EXERCISE BRIEF
Two lines mark the range in the entries below: the one holding "2021年6月29日,公司与" and the one holding "橋上眞奈美さんの総運は46画の1点!". Set down those two and all lines between them, exactly.

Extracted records
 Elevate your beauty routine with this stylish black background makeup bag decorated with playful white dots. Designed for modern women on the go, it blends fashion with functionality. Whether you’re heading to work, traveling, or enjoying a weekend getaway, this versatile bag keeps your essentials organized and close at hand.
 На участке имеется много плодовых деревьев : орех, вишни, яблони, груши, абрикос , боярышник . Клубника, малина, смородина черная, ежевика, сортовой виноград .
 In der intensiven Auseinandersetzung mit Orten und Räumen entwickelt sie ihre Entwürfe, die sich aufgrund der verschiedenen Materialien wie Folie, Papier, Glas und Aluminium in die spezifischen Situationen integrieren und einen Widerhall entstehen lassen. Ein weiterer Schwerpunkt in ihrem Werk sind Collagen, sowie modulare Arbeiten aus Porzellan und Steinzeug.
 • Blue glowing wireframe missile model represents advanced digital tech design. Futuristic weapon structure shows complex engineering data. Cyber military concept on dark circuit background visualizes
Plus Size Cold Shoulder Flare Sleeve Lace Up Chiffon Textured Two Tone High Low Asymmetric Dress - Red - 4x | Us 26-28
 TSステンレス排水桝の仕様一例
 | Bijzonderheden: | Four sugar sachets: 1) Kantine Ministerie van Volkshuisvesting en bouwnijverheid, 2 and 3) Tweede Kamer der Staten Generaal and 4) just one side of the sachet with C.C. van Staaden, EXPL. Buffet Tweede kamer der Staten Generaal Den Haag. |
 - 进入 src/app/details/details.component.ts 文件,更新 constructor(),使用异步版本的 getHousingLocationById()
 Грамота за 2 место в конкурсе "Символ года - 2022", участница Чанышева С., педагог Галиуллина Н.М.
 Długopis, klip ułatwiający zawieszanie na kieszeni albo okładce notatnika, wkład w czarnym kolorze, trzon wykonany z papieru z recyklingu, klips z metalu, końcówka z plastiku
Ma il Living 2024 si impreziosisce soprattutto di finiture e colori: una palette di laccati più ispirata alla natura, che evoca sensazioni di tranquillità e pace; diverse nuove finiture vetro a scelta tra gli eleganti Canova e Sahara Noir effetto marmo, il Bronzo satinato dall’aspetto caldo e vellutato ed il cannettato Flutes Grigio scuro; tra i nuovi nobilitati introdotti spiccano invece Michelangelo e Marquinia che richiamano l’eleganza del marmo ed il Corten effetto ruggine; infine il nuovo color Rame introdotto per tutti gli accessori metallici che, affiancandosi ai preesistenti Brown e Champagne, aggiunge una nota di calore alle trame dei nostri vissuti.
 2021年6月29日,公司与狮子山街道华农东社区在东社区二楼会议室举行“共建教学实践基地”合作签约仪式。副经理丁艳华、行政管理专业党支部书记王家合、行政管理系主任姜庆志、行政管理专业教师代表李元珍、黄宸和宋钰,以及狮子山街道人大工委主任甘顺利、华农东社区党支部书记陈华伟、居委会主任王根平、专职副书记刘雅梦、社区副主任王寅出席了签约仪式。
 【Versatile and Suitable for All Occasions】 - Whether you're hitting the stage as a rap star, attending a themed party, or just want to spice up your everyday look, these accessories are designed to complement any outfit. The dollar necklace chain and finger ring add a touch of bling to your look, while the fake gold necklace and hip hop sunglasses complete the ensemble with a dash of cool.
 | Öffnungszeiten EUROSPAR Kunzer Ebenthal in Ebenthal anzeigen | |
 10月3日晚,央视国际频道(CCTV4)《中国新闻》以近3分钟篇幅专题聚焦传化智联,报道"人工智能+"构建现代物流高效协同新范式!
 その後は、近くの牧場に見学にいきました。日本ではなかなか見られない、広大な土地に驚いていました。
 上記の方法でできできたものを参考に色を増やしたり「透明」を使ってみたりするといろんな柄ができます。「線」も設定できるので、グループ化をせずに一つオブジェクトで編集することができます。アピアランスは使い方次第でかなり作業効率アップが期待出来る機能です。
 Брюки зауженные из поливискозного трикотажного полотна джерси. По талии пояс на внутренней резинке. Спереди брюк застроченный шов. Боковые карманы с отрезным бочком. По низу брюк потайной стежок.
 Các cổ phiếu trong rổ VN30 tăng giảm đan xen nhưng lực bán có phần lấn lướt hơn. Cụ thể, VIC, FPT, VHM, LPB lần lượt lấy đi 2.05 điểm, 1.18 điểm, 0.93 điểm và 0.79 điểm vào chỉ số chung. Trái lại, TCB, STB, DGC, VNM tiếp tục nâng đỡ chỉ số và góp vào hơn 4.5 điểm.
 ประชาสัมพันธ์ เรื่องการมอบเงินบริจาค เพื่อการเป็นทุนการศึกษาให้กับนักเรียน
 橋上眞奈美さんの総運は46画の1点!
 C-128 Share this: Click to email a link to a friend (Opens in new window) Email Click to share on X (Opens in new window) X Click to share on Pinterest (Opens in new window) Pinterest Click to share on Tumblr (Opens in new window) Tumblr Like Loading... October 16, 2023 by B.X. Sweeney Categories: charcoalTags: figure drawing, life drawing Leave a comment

SOLUTION FOR THIS TASK
 2021年6月29日,公司与狮子山街道华农东社区在东社区二楼会议室举行“共建教学实践基地”合作签约仪式。副经理丁艳华、行政管理专业党支部书记王家合、行政管理系主任姜庆志、行政管理专业教师代表李元珍、黄宸和宋钰,以及狮子山街道人大工委主任甘顺利、华农东社区党支部书记陈华伟、居委会主任王根平、专职副书记刘雅梦、社区副主任王寅出席了签约仪式。
 【Versatile and Suitable for All Occasions】 - Whether you're hitting the stage as a rap star, attending a themed party, or just want to spice up your everyday look, these accessories are designed to complement any outfit. The dollar necklace chain and finger ring add a touch of bling to your look, while the fake gold necklace and hip hop sunglasses complete the ensemble with a dash of cool.
 | Öffnungszeiten EUROSPAR Kunzer Ebenthal in Ebenthal anzeigen | |
 10月3日晚,央视国际频道(CCTV4)《中国新闻》以近3分钟篇幅专题聚焦传化智联,报道"人工智能+"构建现代物流高效协同新范式!
 その後は、近くの牧場に見学にいきました。日本ではなかなか見られない、広大な土地に驚いていました。
 上記の方法でできできたものを参考に色を増やしたり「透明」を使ってみたりするといろんな柄ができます。「線」も設定できるので、グループ化をせずに一つオブジェクトで編集することができます。アピアランスは使い方次第でかなり作業効率アップが期待出来る機能です。
 Брюки зауженные из поливискозного трикотажного полотна джерси. По талии пояс на внутренней резинке. Спереди брюк застроченный шов. Боковые карманы с отрезным бочком. По низу брюк потайной стежок.
 Các cổ phiếu trong rổ VN30 tăng giảm đan xen nhưng lực bán có phần lấn lướt hơn. Cụ thể, VIC, FPT, VHM, LPB lần lượt lấy đi 2.05 điểm, 1.18 điểm, 0.93 điểm và 0.79 điểm vào chỉ số chung. Trái lại, TCB, STB, DGC, VNM tiếp tục nâng đỡ chỉ số và góp vào hơn 4.5 điểm.
 ประชาสัมพันธ์ เรื่องการมอบเงินบริจาค เพื่อการเป็นทุนการศึกษาให้กับนักเรียน
 橋上眞奈美さんの総運は46画の1点!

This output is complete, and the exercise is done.